Second-tier systems replace legacy controls

With the old system, all five of the rotary cookers and all four of the pot cookers would have went down, Durant said. “This saved us several thousands of dollars that we definitely would have lost had we still been using our previous software.”

Looking back at how much progress McCall Farms has made, Durant sleeps a bit easier at night, "We don't have crashes any more and we feel a lot more confident that the equipment will be running when we come to work in the morning."

New System Ups Power Plant Performance
St Johns River Power Park (See Figure 3 below), located on a 1900-acre site in northeast Jacksonville, Florida, is a coal-fired generating station owned jointly by Jacksonville Electric Authority (JEA) and Florida Power & Light Co (FPL). It has two 640MW units, each with a Foster Wheeler drum boiler and a General Electric tandem compound steam turbine-generator.
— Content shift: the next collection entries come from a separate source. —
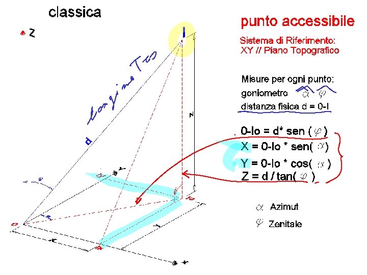 MISURE COORDINATE NORD ed EST DEL PUNTO COLLIMATO QUOTA DELLA STAZIONE DISTANZA Differenza di quota del centro strumentale dal punto di stazione Differenza di quota del riflettore dal punto a terra DIFFERENZA DI QUOTA TRA STAZIONE E PUNTO MISURATO DISTANZA ORIZZONTALE COORDINATE NORD ed EST DELLA STAZIONE QUOTA DELLA STAZIONE
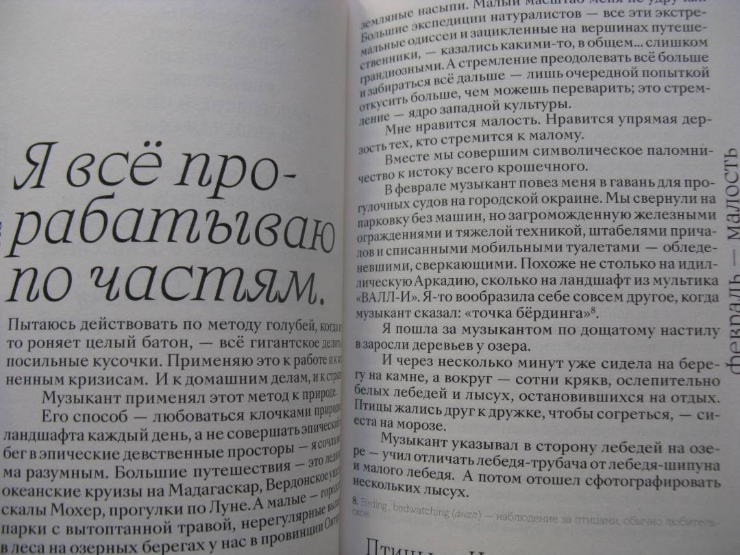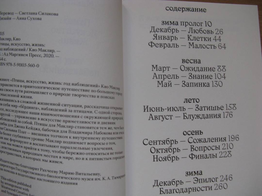 ОписаниеВ книге «Птицы, искусство, жизнь: год наблюдений» Кио Маклир отправляется в орнитологическое путешествие по большому городу и на своем пути размышляет о природе творчества и поисках осмысленной жизни.Оказавшись в сложной жизненной ситуации, рассказчица открывает для себя мир «бёрдинга», наблюдений за птицами. С одной стороны, эссе, исследующее наши взаимоотношения с окружающей природой, с другой — откровенный опыт автофикшн, упражнение в искусстве приметливости и дневник наблюдений за собой. Птицы для Маклир становятся тем же, чем были грибы для Джона Кейджа, бабочки для Владимира Набокова или пчелы для Сильвии Плат — внешним толчком к внутреннему путешествию. На более глубинном уровне Маклир поднимает вопросы о том, как нас формируют и воспитывают наши параллельные увлечения, и как мы можем прийти к тому, чтобы бережно относиться не только к девственным природным местам в мире, но и к пятнистым городским пространствам, в которых мы живем.В книге «Птицы, искусство, жизнь: год наблюдений» Кио Маклир отправляется в орнитологическое путешествие по большому городу и на своем пути размышляет о природе творчества и поисках осмысленной жизни.Оказавшись в сложной жизненной ситуации, рассказчица открывает для себя мир «бёрдинга», наблюдений за птицами. С одной стороны, эссе, исследующее наши взаимоотношения с окружающей природой, с другой — откровенный опыт автофикшн, упражнение в искусстве приметливости и дневник наблюдений за собой. Птицы для Маклир становятся тем же, чем были грибы для Джона Кейджа, бабочки для Владимира Набокова или пчелы для Сильвии Плат — внешним толчком к внутреннему путешествию. На более глубинном уровне Маклир поднимает вопросы о том, как нас формируют и воспитывают наши параллельные увлечения, и как мы можем прийти к тому, чтобы бережно относиться не только к девственным природным местам в мире, но и к пятнистым городским пространствам, в которых мы живем.
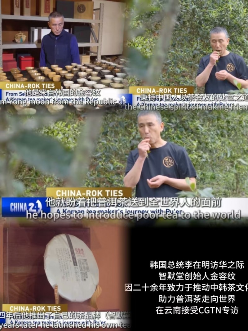 近日,随着韩国总统李在明率庞大经贸代表团访华、中韩两国签署多项合作意向,双边经贸文化交流再次成为焦点。在此背景下,中国国际电视台(CGTN)走访了在华各行各业的韩国企业家。在代表中国文化的茶行业,节目专访了一位扎根世界茶树原生地云南,制茶二十余年,创办高端精致古树普洱茶品牌“智默堂”的制茶人金容纹先生。采访中,金容纹以其独特的跨文化视角,讲述了如何以一片普洱茶,连接中韩,走向世界。
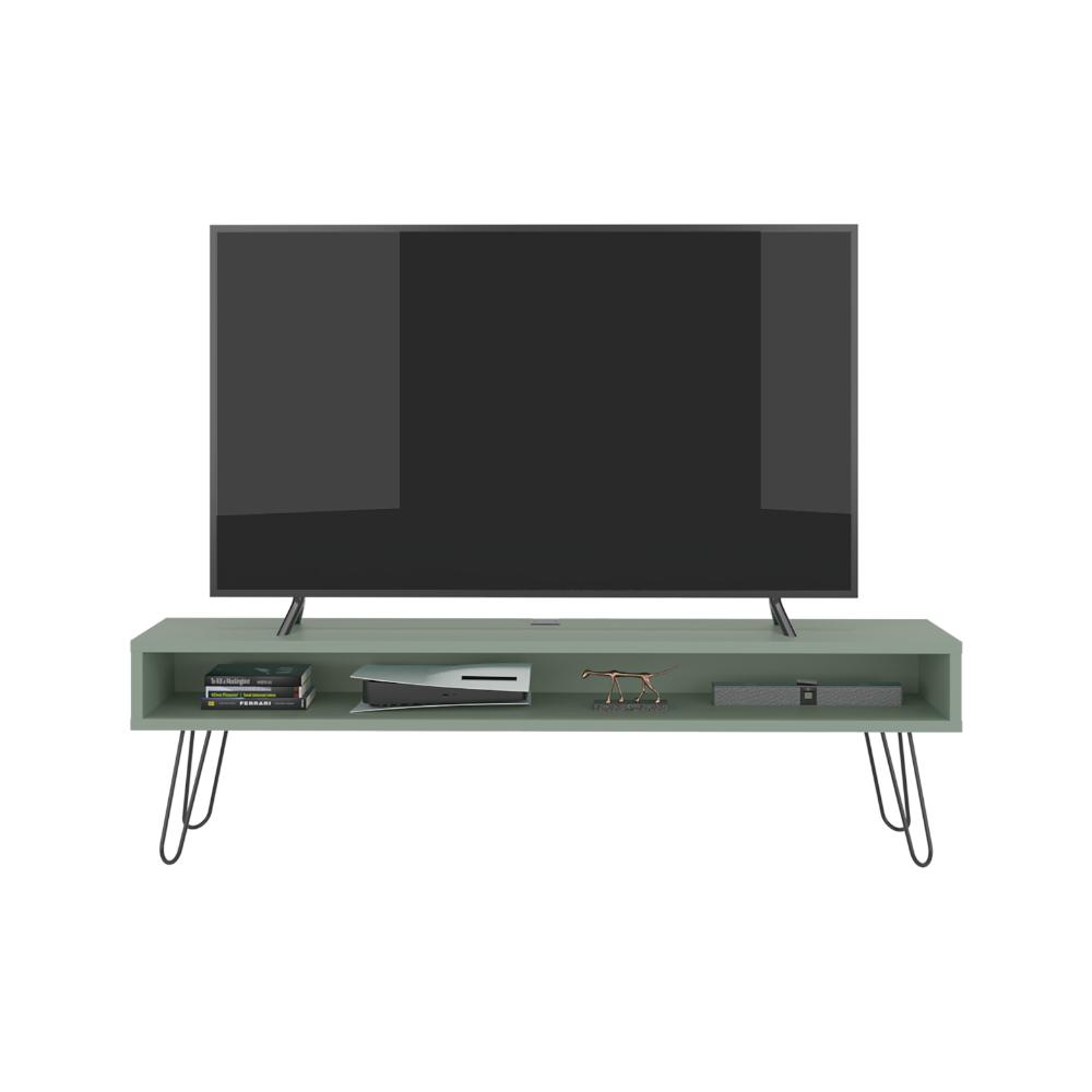 Mesa Para Tv Ralf, Agave, con patas metálicas y espacio de tv hasta 70 pulgadas

The plant uses a variety of domestic and foreign coals, as well as 20% petroleum coke.

	FIGURE 3: BETTER COAL BURNING
	Legacy control systems at Units 1 and 2 at St Johns River Power were both upgraded.

St Johns needed to respond faster to automatic dispatch commands. In addition, they wanted to startup faster and burn myriad fuels without having to re-tune the control system. Finally, it wanted to provide its operators and engineers with better tools to improve day-to-day operations. This required replacing legacy control systems with something more modern.

Replacing two complete control systems is a challenge at any plant of this size. Further, it required that planning, contract award, engineering, testing, installation and commissioning be done in about ten months.

A modernization of this scope usually requires extensive up-front planning to develop project guidelines, requirements and vendor specifications. St Johns management initially considered hiring an architect engineer for this work and to oversee the project, but realized the time involved would preclude startup according to their schedule.

They chose instead to have Metso Automation do a thorough study of the existing systems and propose a solution to meet schedule and performance requirements. Based upon the study, Metso Automation and St Johns personnel decided to modernize the plant with two Metso maxDNA automation systems. Metso Automation provided a turn-key solution, taking prime responsibility for design, installation and commissioning of the new control systems and field equipment.

It was agreed to emulate “hard” control schemes that were familiar to plant operators. Further, St Johns wanted Metso Automation to implement the latest generation of Leeds & Northrup’s original D-E-B coordinated control, which assures parallel control of the boiler and steam turbine generator.

Plant operators were included on the project team. They provided extensive input to the design of operating graphics. The team worked together to determine standards, display layouts and functions. Another goal was to make the transition to the new system as smooth as possible. To that end Metso Automation designed the control strategy configuration to match the existing system wherever possible. Plant Manager Paul Smith said, “for the most part, the control sequences, indicators, alarms, operator response sequences, etc. of the new system were designed to mirror what our unit operators have been familiar with for the last ten or twenty years.”

Data base parameters from the existing system were imported into the new maxDNA system and tuning constants were imported to speed automatic operation on startup.

Unit 2 was upgraded first, during the annual Spring outage. The new maxDNA system, which had already arrived, was installed as the older cabinets, cables and consoles were removed. Within four days of startup, Unit 2 was operating in automatic mode and within two weeks the unit was responding to automatic dispatch commands.

While the new system was being installed, plant operators were being trained four hours per day on a maxDNA-based simulator (See Figure 4 below). The plant-specific simulator included all of the startup and shutdown sequences, plus a variety of situations that could lead to a unit trip, from auxiliary failures to process upsets. “The simulator was one of our cornerstones of success with the project and I would strongly recommend including a simulator with any planned upgrade,” says Smith.

FIGURE 4: ON-SCREEN TRAINING
Operators at St. Johns were trained on a simulator supplied by Metso Automation.

The plant burns coal from Western Kentucky, Columbia, other South American countries and several other sources at times. “We blend in 20% petroleum coke,” explains Smith. “Since the moisture content and BTUs are variable, it is important that our control system detect them and initiate smooth proportional corrections without triggering process upsets. We are definitely sold on Metso Automation’s Heat Release algorithm. Our old D-E-B control system used this algorithm and we wanted to duplicate the success we had with it. It allows us to burn a litany of different fuels without having to make constant tuning adjustments to our critical process loops. As a result we have been able to lower costs by purchasing attractively priced random lots of coal and pet-coke on the spot market.”